How many times have you pledged not to react to someone in a certain way? But when that person presses your buttons off you go triggered into your conditioned and habitual behaviour, driven by the biological mechanism of homeostasis that is blind, sometimes stupid and very powerful. We can see this in addictions and habitual behaviours of all kinds and the power they have over us.

We can make clear, adult and conscious decisions about what we want to do. But irresistible and painful cravings may then corrupt our resolve and suck us back into old, even self-destructive, patterns.

Homeostasis works against us when we seek to change. This is a harsh reality that needs to be acknowledged. Of course it is balanced by another survival instinct. We are also animals who enquire, follow our curiosity and adapt. We learn how to self-manage our habits and cravings. But as mature adults most of us are wise enough to acknowledge that we are vulnerable to the strength of old patterns.


Then there is a cosmic dynamic that is similar to homeostasis. It is a magnetic attraction that glues everything into solid form and has implications for human behaviour.

Look at the big picture.

The whole of the universe, from a grain of sand out to the infinity of endless galaxies, is held balanced between two great forces. One force is the continuous expansion and movement initiated by the Big Bang. The other force is gravity, magnetism, that holds everything in place.

Nothing could exist if the only dynamic were explosive never-ending expansion. It requires the equalising balance of gravity and magnetism for anything to manifest in solid form.

This polarity between endless expansion and the magnetism of gravity was recognised and symbolised in many ancient philosophical and spiritual traditions as a marriage or a dance between two cosmic forces. Mother-Father. Yin-Yang. Earth-Heaven.

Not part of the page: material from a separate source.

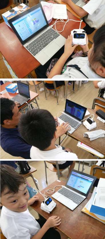 3年生では、教育センターから貸し出したロボットカー「コーディーロッキー」を学習端末のパソコンに接続して、作ったプログラミングをアップロードしてロボットカーを動作させます。顔の液晶パネルにいろいろな表示や音がでたり、モーターで動いたりします。

Taoism the ancient philosophy of China appreciated this dynamic relationship and represented it in the famous Yin/Yang symbol. A circle with a wavy dividing line. One side black and Yin. The other white and Yang. But with a small white dot in the black and a small black dot in the white. Yin is the force of magnetism, gravity and containment. Yang the outward expansive emergent dynamic. They meet and are also within each other. Both are required for the manifest cosmos.

As tiny human actors in this cosmic drama we are living proof of this polarity, attracted simultaneously to change and to staying the same. We face and are pulled in both directions. Our biological homeostasis is reinforced by natural magnetic force.

Sometimes the containment is so strong that it feels like inertia and depression. Contrarily sometimes the expansion is so strong that we feel hyper and over-excited.

From this perspective resistance to change is not only a result of physiological and psychological homeostasis. Staying the same is also a cosmic tendency.

You may not buy this metaphysical idea that we are influenced by this dance between cosmic forces. But it is surely a grand metaphor to describe and explain some of the human drama and why it is often so difficult to fulfil our resolutions.


So what can all this teach us that might be useful? Here are a couple suggestions.

First, if we acknowledge the biological and natural forces that are constantly at work within us, we can be less naïve and ashamed when our intentions stumble. Being insightful and forgiving makes it easier for us to try again. Stumbling is normal.

Second, we can be more strategic and mindful as we plan our resolutions, recognising that we may need more enthusiasm, endurance and support than we previously envisaged.